Reputation: 171
I am trying to use Apache Sedona with Python, specifically with PySpark version 3.5.0 and Python 3.11.6. However, I am encountering an issue related to an unresolved dependency during the setup process. The relevant part of the error message is as follows:
:::: WARNINGS
module not found: edu.ucar#cdm-core;5.4.2
==== local-m2-cache: tried
file:/.m2/repository/edu/ucar/cdm-core/5.4.2/cdm-core-5.4.2.pom
-- artifact edu.ucar#cdm-core;5.4.2!cdm-core.jar:
file:/.m2/repository/edu/ucar/cdm-core/5.4.2/cdm-core-5.4.2.jar
==== local-ivy-cache: tried
/.ivy2/local/edu.ucar/cdm-core/5.4.2/ivys/ivy.xml
-- artifact edu.ucar#cdm-core;5.4.2!cdm-core.jar:
/.ivy2/local/edu.ucar/cdm-core/5.4.2/jars/cdm-core.jar
==== central: tried
https://repo1.maven.org/maven2/edu/ucar/cdm-core/5.4.2/cdm-core-5.4.2.pom
-- artifact edu.ucar#cdm-core;5.4.2!cdm-core.jar:
https://repo1.maven.org/maven2/edu/ucar/cdm-core/5.4.2/cdm-core-5.4.2.jar
==== spark-packages: tried
https://repos.spark-packages.org/edu/ucar/cdm-core/5.4.2/cdm-core-5.4.2.pom
-- artifact edu.ucar#cdm-core;5.4.2!cdm-core.jar:
https://repos.spark-packages.org/edu/ucar/cdm-core/5.4.2/cdm-core-5.4.2.jar
::::::::::::::::::::::::::::::::::::::::::::::
:: UNRESOLVED DEPENDENCIES ::
::::::::::::::::::::::::::::::::::::::::::::::
:: edu.ucar#cdm-core;5.4.2: not found
::::::::::::::::::::::::::::::::::::::::::::::
The code I am using is as follows:
from pyspark.sql import SparkSession
from pyspark import StorageLevel
import geopandas as gpd
import pandas as pd
from shapely.geometry import Point
from shapely.geometry import Polygon
from sedona.spark import *
from sedona.core.geom.envelope import Envelope
config = SedonaContext.builder() .\
config('spark.jars.packages',
'org.apache.sedona:sedona-spark-shaded-3.4_2.12:1.5.1,'
'org.datasyslab:geotools-wrapper:1.5.1-28.2'). \
getOrCreate()
sedona = SedonaContext.create(config)
sc = sedona.sparkContext
print("Sedona context is " + sc)
I followed the official documentation, but it seems that there is an unresolved dependency issue, possibly related to missing packages or configurations.
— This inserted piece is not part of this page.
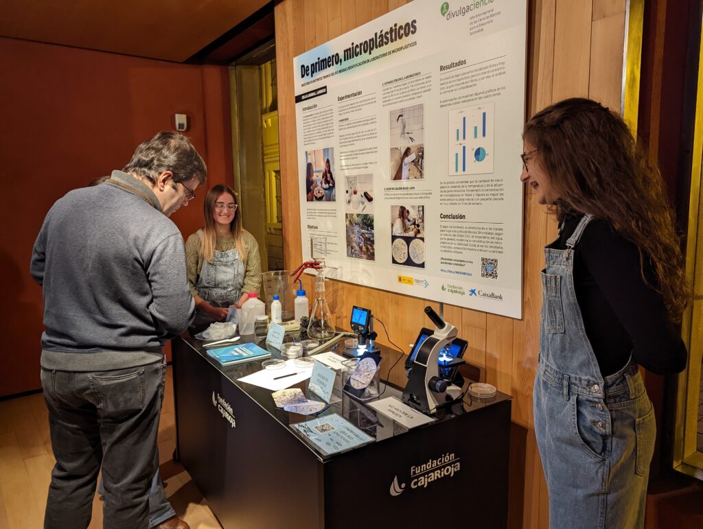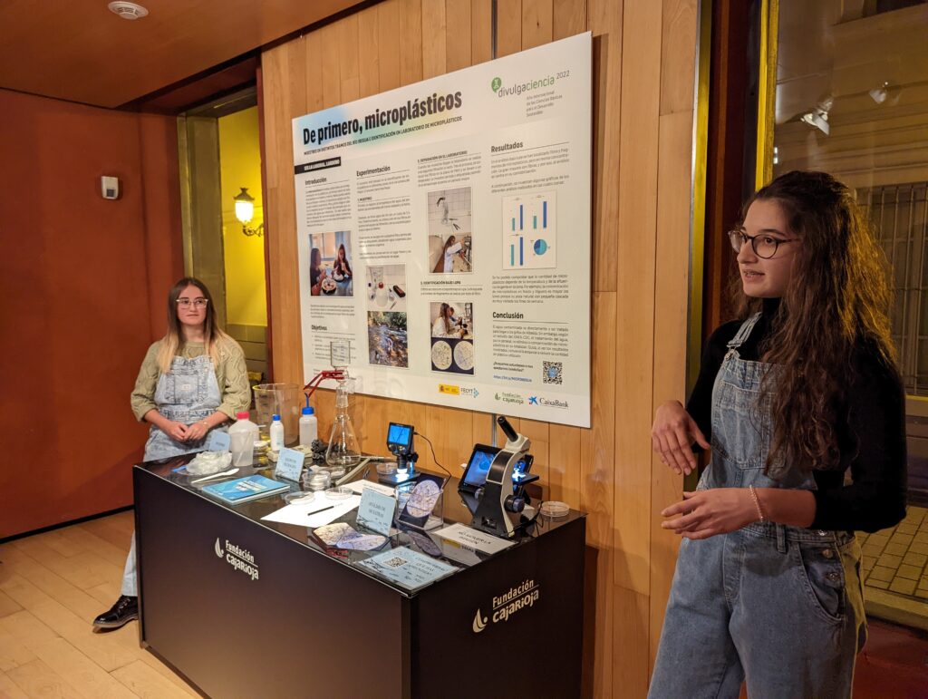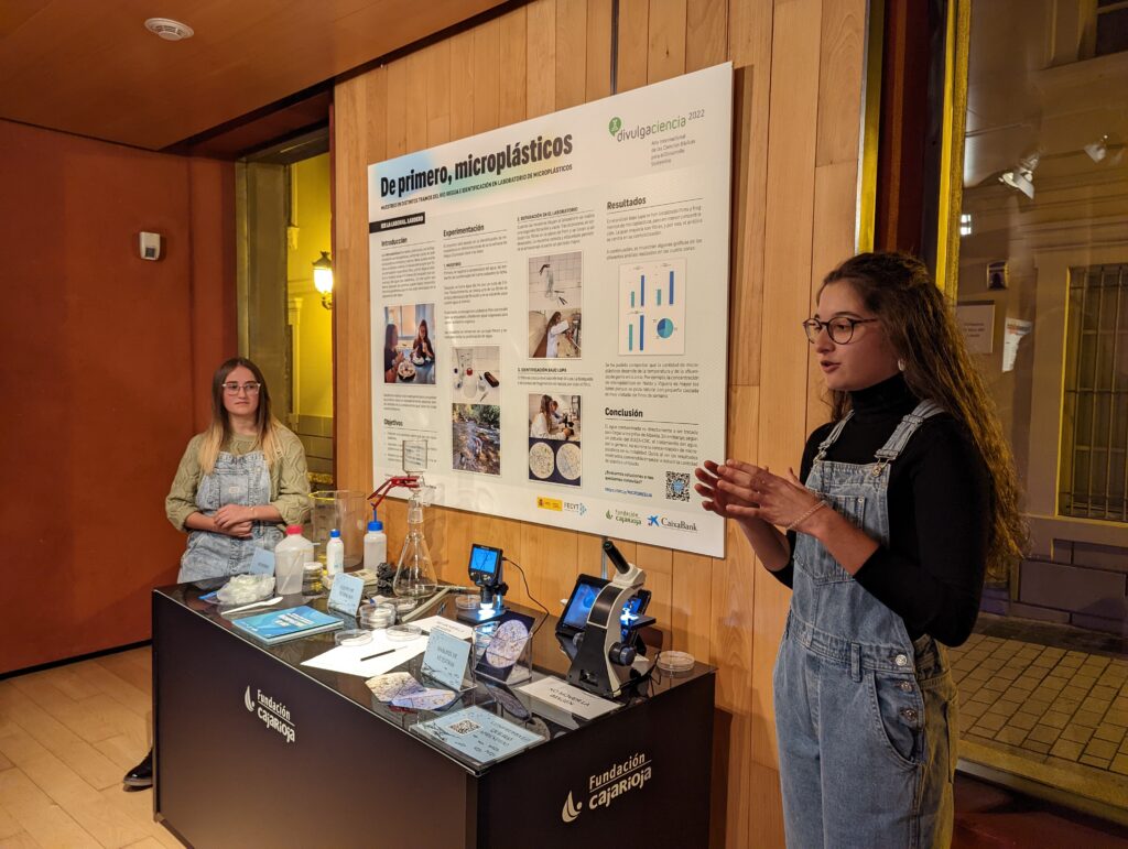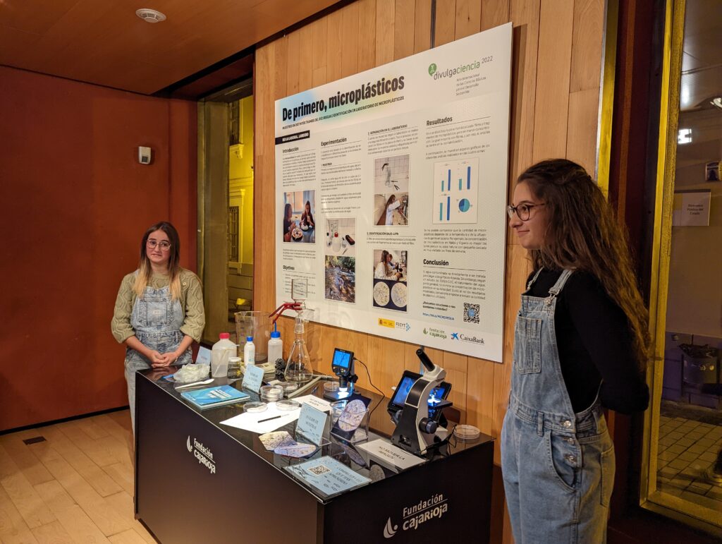 Anne Fiérrez y Ainhoa Martín, de 4º de ESO, nos alertaron sobre el peligro que supone para nuestra salud la presencia de microplásticos en nuestro organismo. A través del muestreo realizado en las aguas fluviales de Albelda, Nalda y Viguera pudieron determinar que la concentración de microplásticos que luego pasan a nuestro organismo es alta. Aquí tenéis la web que han preparado para presentar su investigación:

The official documentation does not provide an exhaustive list of the required dependencies for successful setup. Can you help clarify what additional configurations or packages might be needed to resolve this issue and set up Apache Sedona with PySpark 3.5.0 successfully?
Upvotes: 3
Views: 555
Reputation: 304
Due to a bug in Sedona 1.5.1, the cdm-core jar becomes a required dependency.
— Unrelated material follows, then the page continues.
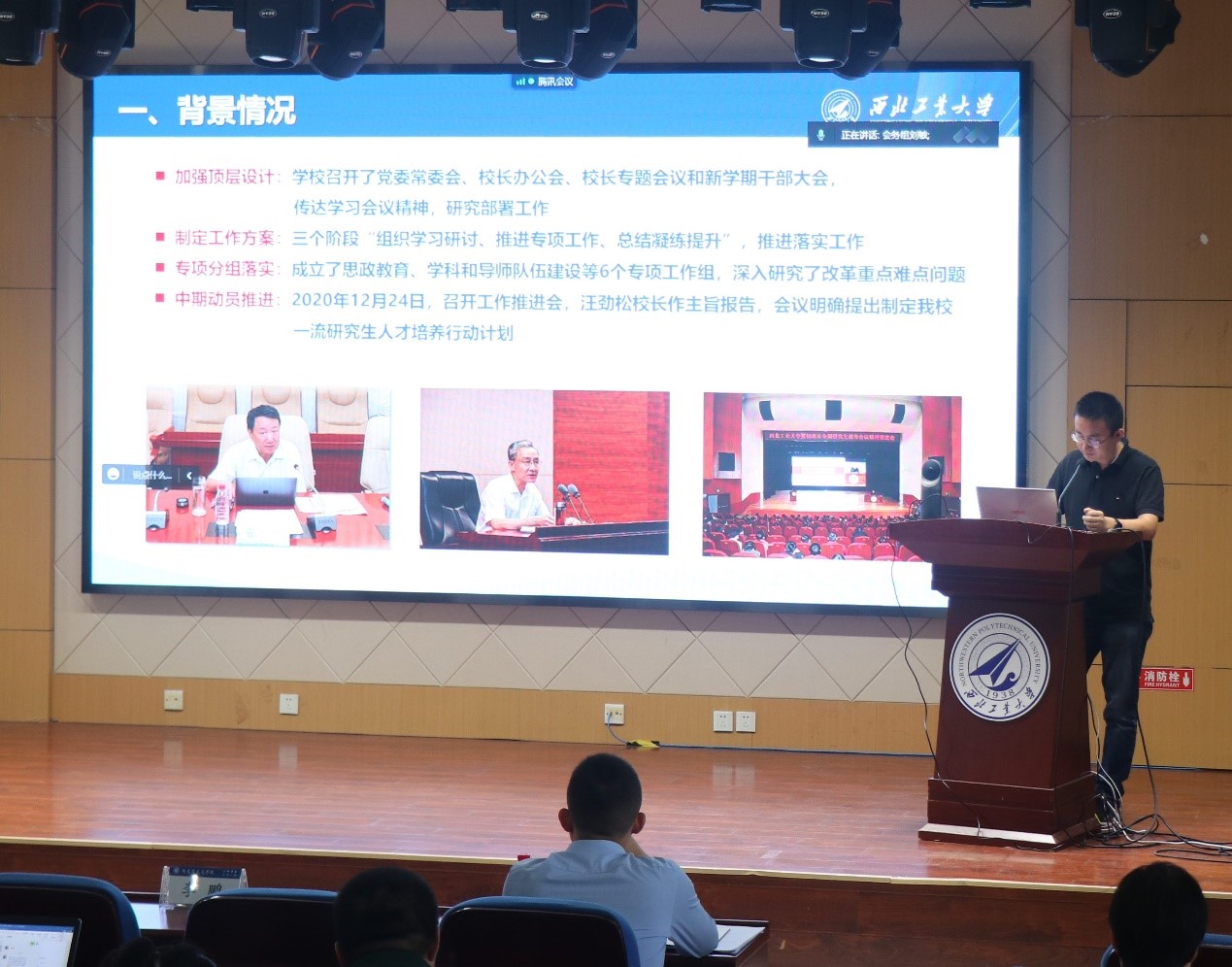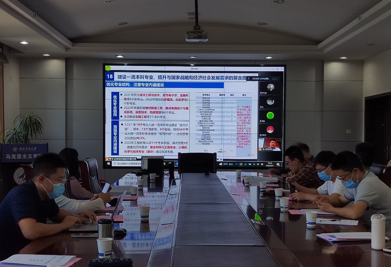 赵世杰宣讲了《一流研究生人才培养行动计划》。他指出全力抓好新时代研究生教育高质量发展的核心任务:一是深化研究生思想政治教育,落实立德树人根本任务;二是不断优化学科布局,建设特色学科生态体系;三是加强导师队伍建设,落实导师岗位职责,提升教书育人本领;四是针对重点领域,分类培养国家急需高层次人才;五是强化质量保障体系建设,牢固树立研究生教育质量观。他指出,学校将思想政治教育摆在研究生培养的首位,在加快形成思政课程、课程思政、导学思政为核心的研究生思政育人新格局,在这一方面,马院地位凸显、任务艰巨,马院全体教职工要进一步提高政治站位,勤思考、善作为,确保研究生培养工作精准到位。

You can easily fix this by using this jar org.apache.sedona:sedona-spark-3.4_2.12:1.5.1
. Note that we are not using the shaded
jar.
unshaded
jar is only supposed to be used by a Maven Resolver (e.g., spark.jar.packages is a maven resolver) because it has lots of compile dependencies to be downloaded by the resolver automatically. Those dependencies are not packaged in the sedona unshaded
jar.
shaded
jar is only supposed to be used when you don't have a resolver (e.g., in an environment that has no internet access)
Upvotes: 5
Reputation: 2468
You can try specifying the repository from which the jar files can be downloaded. Here the repositories config is used to specify maven rep
The cdm-core can be found below
https://mvnrepository.com/artifact/edu.ucar/cdm-core/5.4.2
from sedona.spark import *
packages = "org.apache.sedona:sedona-spark-shaded-3.4_2.12:1.5.1," \
"org.datasyslab:geotools-wrapper:1.5.1-28.2," \
"edu.ucar:cdm-core:5.4.2,"
repository = "https://repo1.maven.org/maven2"
config = SedonaContext.builder()\
.config("spark.jars.packages", packages) \
.config("spark.jars.repositories", repository) \
.getOrCreate()
sedona = SedonaContext.create(config)
sc = sedona.sparkContext
print("Sedona context is ", sc)
Upvotes: 0